Monday, Mar. 23, 1953

The Name Droppers

The House Un-American Activities Committee's 1951-52 hearings on Reds in Hollywood had trouble finding evidence of Communist propagandizing by film, but they did whip up a well-publicized froth of big & little Hollywood names. Last week the names made news again:

P: The professional anti-Red magazine Alert (West Coast counterpart of Counterattack) published, a handy list of 522 Hollywood and Los Angeles "cited Reds," drawn, it said, from the committee hearings, and thoughtfully tacked on the names of their accusers.

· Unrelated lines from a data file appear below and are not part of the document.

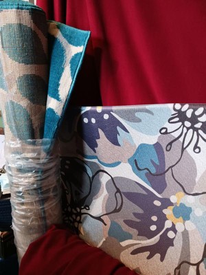 [This review was collected as part of a promotion.] I got this world gallery rug with blue floral circles for my computer room. It is very vibrant and very pretty. Sometimes rugs will be lumpy or fold, but this one DID NOT DO THAT! It lays flat and looks great. It feels nice and soft on your feet too. I love it!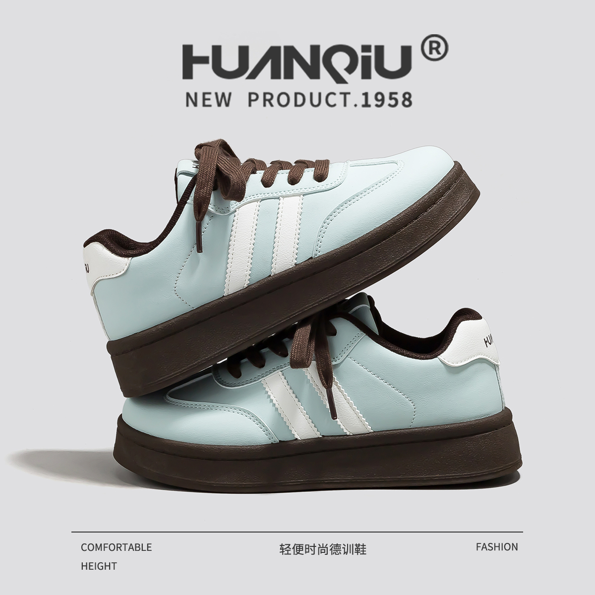 环球德训鞋女2025秋季百搭新款舒适软底板鞋湖蓝轻便薄底休闲女鞋
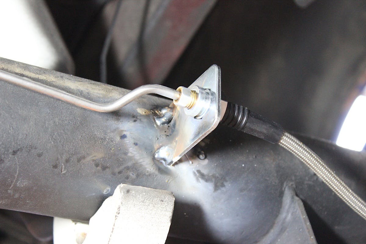 The rear brake lines were a little more difficult. Since the rears were now disc brakes with braided lines, the hard lines needed to be shorter. Luckily, The Right Stuff has pre-bent lines that are shorter, making the job easier. The hardest part was that we had to weld supplied tabs onto the axle tubes to hold the metal lines and braided lines in place. We slowly tacked them and didn’t weld them all at once to avoid any warping. Once they cooled off, we installed the new hard lines and rubber flex hose that mounts to the top of the housing.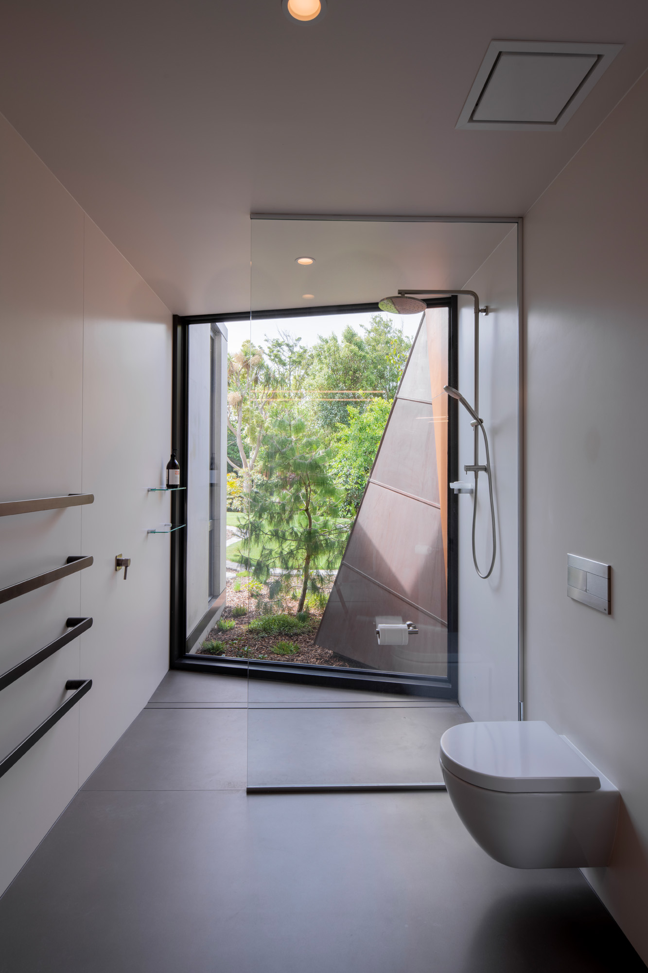 Inside, smooth concrete walls are a backdrop to art, but many windows break up the solidity to allow the foliage its stint in the spotlight. A narrow fern garden that occupies the sliver of garden between the public and private zones downstairs can be seen from the scullery; there’s a strategically placed ‘modesty palm’ for when the owners are having a shower, and a cut-away window in the living area frames a crazy-paved circular courtyard. Beyond this, mature rescue trees — “we didn’t lose a single one” — fringe the lawn near the stream.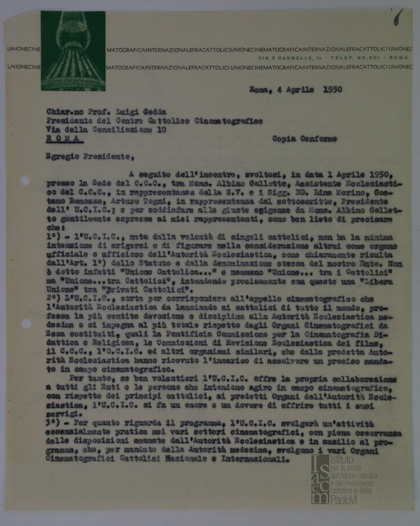 Lettera di Igino Giordani, presidente dell'Unione cinematografica internazionale fra cattolici - UCIC, a mons. Luigi Gedda, presidente dell'Ente cattolico dello spettacolo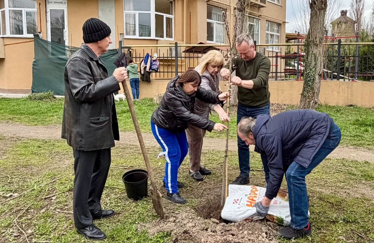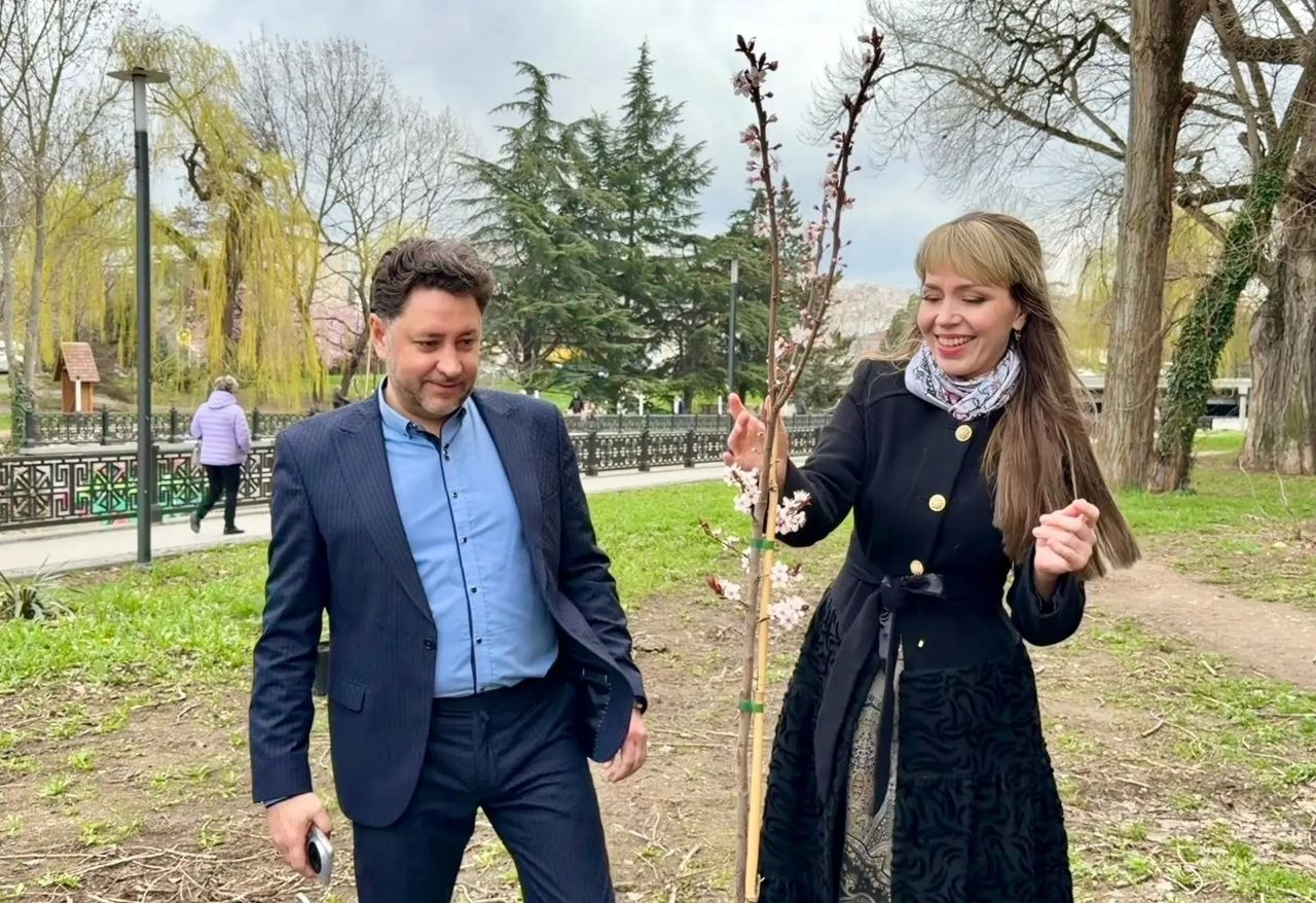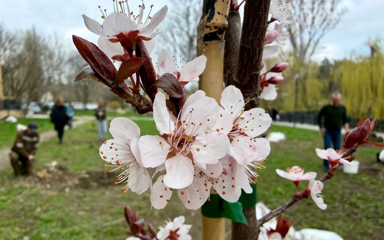 Сегодня парк украсили декоративные сливы сорта «Писсарди» как символ жизни, творчества и единения театрального сообщества Крыма. Деревья высадили в рамках всероссийского проекта «Аллеи Российского театрального общества», приуроченного к 150-летию Союза театральных деятелей России. В Крыму акцию организовало региональное отделение СТД РФ, а помощь в высадке оказали сотрудники МБУК «Парки столицы». Процесс сопровождался пением солистов крымских театров, которые одновременно брали красивые ноты и сажали деревья.

P: Twenty-two of the names (including Actor Howard da Silva, Actress Anne Revere, and three of the moviemakers who were shouted out of Silver City, N. Mex. this month for filming the semi-documentary Salt of the Earth) filed suit for a whopping $51,750,000 damages from 17 film companies, two producer associations, 20 top-ranking cinema executives (L. B. Mayer, Howard Hughes, Dore Schary, Sam Goldwyn, et al.), nine Congressmen (including the committee's current Chairman Harold Velde), and two committee investigators. The complaint: that their being named on studio blacklists (for such things as refusal to answer the committee's questions about their political beliefs and affiliations) has made them jobless pariahs in filmland. The outcast 22 demand a permanent injunction against "maintaining any blacklist or policy of blacklisting or discriminating against the plaintiffs . . . with respect to employment in the motion picture industry."